Other sedimentary rock indicators of a boundary below the Cambrian

There are several other indicators that the pre-Flood/Flood boundary is much lower than the Precambrian/ Cambrian boundary. One of these is the existence of black shale, a shale containing 3 to 15% organic carbon that is especially common in the Precambrian and Paleozoic.10 Black shale is difficult to explain within secular geology. Its existence within both Precambrian and lower Phanerozoic sedimentary rocks would indicate that it formed during the Flood, and that the pre-Flood/ Flood boundary is low within the Precambrian. Besides, how could such high amounts of organic matter be explained as deposits formed during Creation Week, assuming only low energy conditions between Creation Week and the Flood? Such high Precambrian organic content can potentially be explained by the death of non-nephesh organisms during Creation Week, but this possibility seems unlikely.

Another unique type of rock is quartz arenite, a type of sandstone characterized by greater than 95% quartz that is very well sorted and highly rounded.11 Quartz arenite is commonly found in the late Precambrian and early Paleozoic. It can sometimes be quite thick, up to 1,000 m, and extensive, such as the Athabaska Formation of northern Saskatchewan, Canada, which covers about 104,000 km2 and the Thelon Formation of similar extent in the northwest Territories of Canada. This type of sandstone is of high energy and should be placed in the Flood because it exists in the Paleozoic. It probably represents winnowed sand in a highly turbulent environment with a huge amount of sediment in the water. The fact that quartz arenite transcends the Precambrian/Cambrian boundary indicates that this boundary is not the pre-Flood/Flood boundary in sedimentary rocks.

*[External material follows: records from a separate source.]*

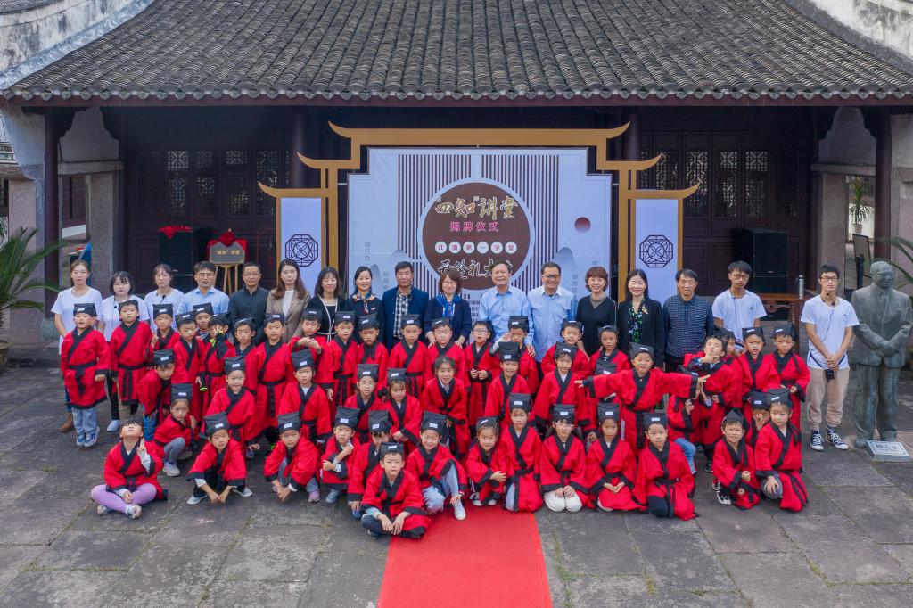 首先,在镇海实验小学学生声情并茂的《三字经》朗诵声中,正式开启了“四知”讲堂揭牌仪式。
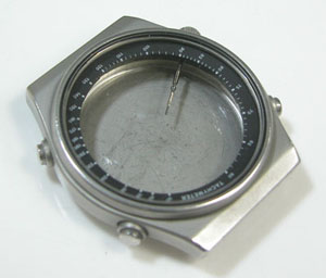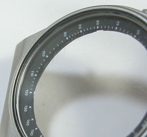 ガラスの内側に目盛リングがありますから裏蓋を閉め竜頭を戻して簡易防水テストがてらの洗浄。
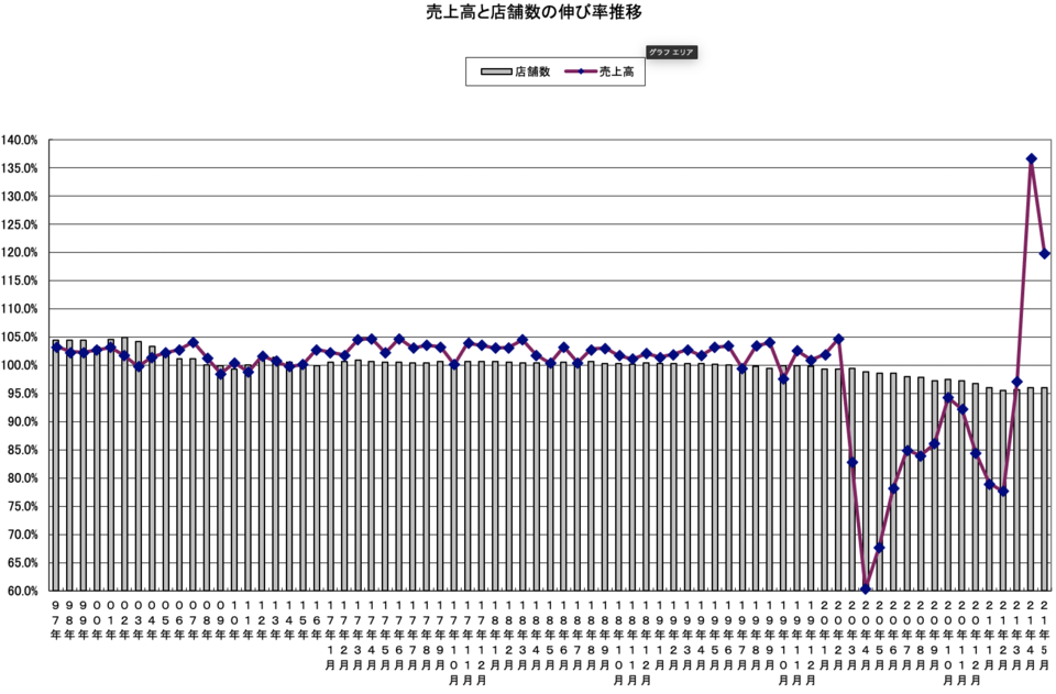 東京、大阪、京都、兵庫の4都府県に発令されていた緊急事態宣言は5月も継続され、更に愛知、福岡なども追加となり、これら宣言地域では酒類提供店は休業を要請された。更に宣言地域とまん延防止措置対象地域が全国的に広がり、外食店舗の営業時間•酒類提供は継続して制限を受けている。全体概況では、5月の全体売上げは119.8%となっているが、1回目の緊急事態宣言下にあった昨年5月との対比にすぎず、一昨年比では80.2%と、回復への出口はまだ見えていない。
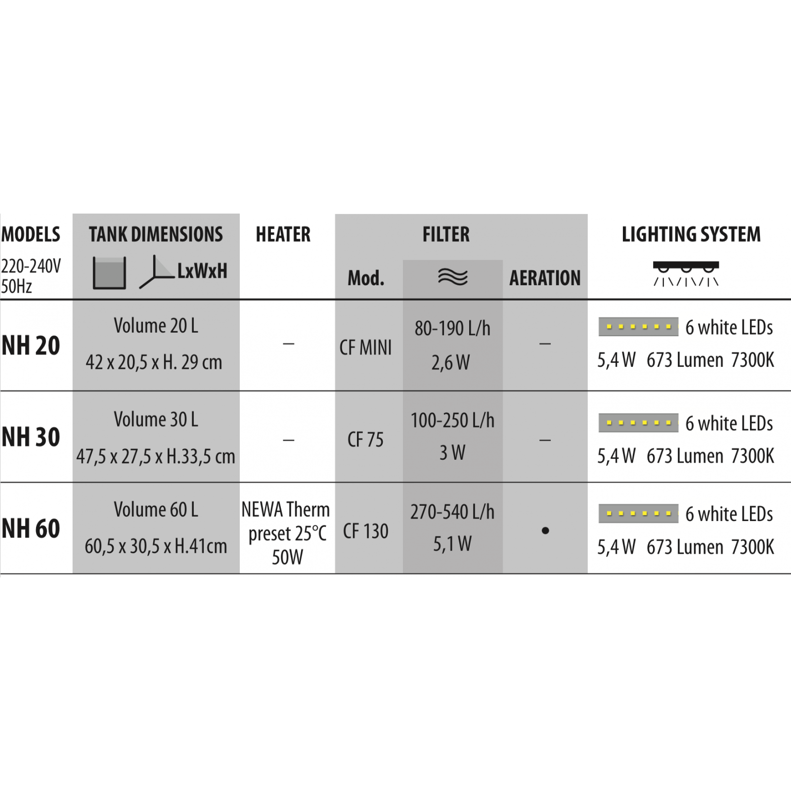 - Système d'aération intégré dans le filtre (uniquement mod. NH 60)
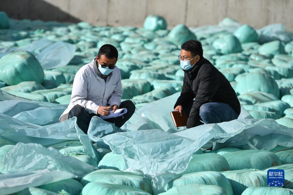 扎西江村(右)在隆子縣一家標準化奶牛養殖基地查看牛飼料,調研當地產業發展情況(2月14日攝)。新華社記者 晉美多吉 攝
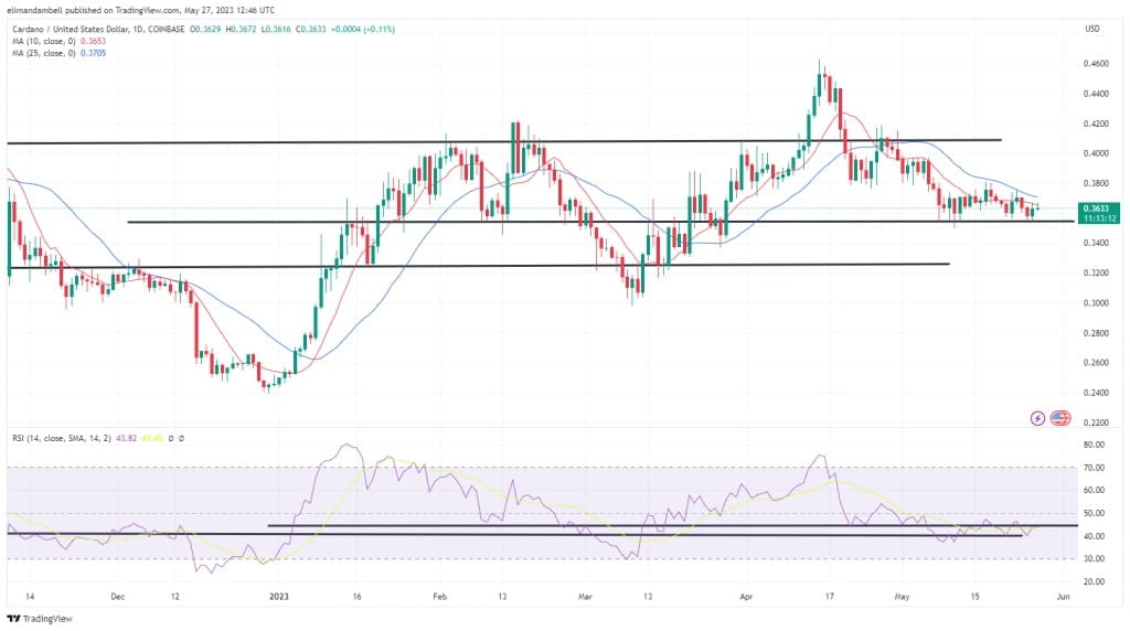 ADA/USD erreichte früher in der heutigen Sitzung ein Intraday-Hoch von 0,3667 $, nachdem es am Freitag auf ein Tief von 0,3564 $ gefallen war.

Limestones and dolomites are found throughout the geological column, including Archean sedimentary rocks (older than 2.5 billion years within the uniformitarian timescale).12 They are especially abundant in the Proterozoic (between 2.5 billion and 542 million years) and the early Paleozoic. They can be thick and extensive. Few would dispute that the Paleozoic carbonates are from the Flood. The fact that the carbonates are also found down into the Archean would suggest that most, if not all, the Precambrian sedimentary rocks are from the Flood.

Precambrian raindrop imprints

Raindrop imprints can also tell us the location of the pre-Flood/ Flood boundary. They have been reported in the Precambrian from the Uinta Mountains,13 India,14 Norway,15 and South Africa.16 Some of these locations have multiple stratigraphic levels of raindrop imprints. The latter site was in the late Archean Ventersdorp Supergroup. Some creationists have questioned whether Precambrian raindrop imprints really are raindrop imprints.17 However, the size distribution of Archean raindrop imprints in South Africa (figure 1) has recently been favourably compared to raindrop imprints today and from experiments of falling water drops of known sizes and fall velocities.18,19 So, it is likely that these Archean examples are really raindrop imprints.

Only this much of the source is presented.